The Court is not persuaded by Defendant's insistence that time and effort cannot constitute actual damages under these statutes. With respect to the California statutes at issue in Claims 7 and 9, the Seventh Circuit explained in another data breach case that "California's judiciary ... tells us that 'there are innumerable ways in which economic injury ... may be shown" and that "[a]n 'identifiable trifle of economic injury' suffices." Dieffenbach , 887 F.3d at 829 (internal citations omitted). The Seventh Circuit also observed that California state courts "have said that significant time and paperwork costs incurred to rectify violations also can qualify as economic losses." ( Id. ) As to Illinois's Consumer Fraud and Deceptive Business Practices Act at issue in Claim 10, Illinois does not require more than a "real and measurable" injury, and "if the plaintiff has suffered an economic loss, noneconomic losses are also compensable." (Id. at 30) (internal citations omitted). Finally, with respect to Missouri's Merchandising Practices Act at issue in Claim 12, In re Sony Gaming Networks , 996 F.Supp.2d at 1000, guides the Court. There, the plaintiffs asserted a claim under the Missouri statute, alleging that Sony made material omissions about the security of its network, "omissions that allegedly induced Plaintiffs to purchase their consoles." Id. Rejecting Sony's argument that the plaintiffs had not alleged an ascertainable loss of money or property, the Court held that "because [the plaintiffs] have alleged that ... Sony misled customers into believing that their Personal Information was secure, the Court finds that [the plaintiffs] have sufficiently alleged a loss of money or property as a result of an act or practice declared unlawful under the [Missouri Merchandising Practices Act." Id. This Court finds these holdings as to the California, Illinois, and Missouri statutes persuasive and therefore affirms the Magistrate Judge's recommendation that it deny Defendant's Motion to Dismiss Claims 7, 9, 10, and 12. (Doc. # 73 at 60.)

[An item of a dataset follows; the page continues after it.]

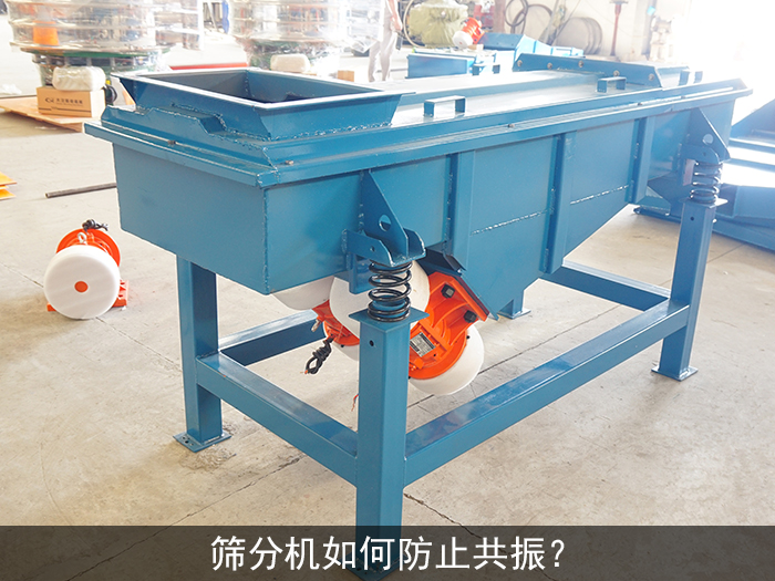 篩分機(jī)的振動電動需要安裝在很重的底盤上,可使篩機(jī)本身固有頻率增加,以增大與振動電機(jī)的振動頻率差距防止產(chǎn)生共振。

8. Claim 11: Violation of the Illinois Uniform Deceptive Trade Practices Act

Magistrate Judge Carman recommended that the Court dismiss Plaintiffs' eleventh claim pursuant to Rule 12(b)(6) because Plaintiff Fowler fails to allege that she is at risk of the same harm in the future. (Id. at 59.) Neither party objects to this recommendation. The Court has reviewed the Magistrate Judge's thorough examination and is satisfied that his recommendation on Claims 11 is sound and not contrary to law. See Fed. R. Civ. P. 72(a). It affirms the Recommendation as to *1256the dismissal of Claim 11. (Doc. # 73 at 60.)

IV. CONCLUSION

For the foregoing reasons, the Court ORDERS:

1. The Magistrate Judge's August 1, 2018 Recommendation (Doc. # 73) is AFFIRMED IN PART and REJECTED IN PART;
2. Defendant's Motion to Dismiss (Doc. # 43) is GRANTED IN PART as to Claims 1, 2, 3, 5, and 11. These claims are dismissed from the action; and
3. Defendant's Motion to Dismiss (Doc. # 43) is DENIED IN PART as to Claims 4, 6, 7, 8, 9, 10, and 12. These claims remain.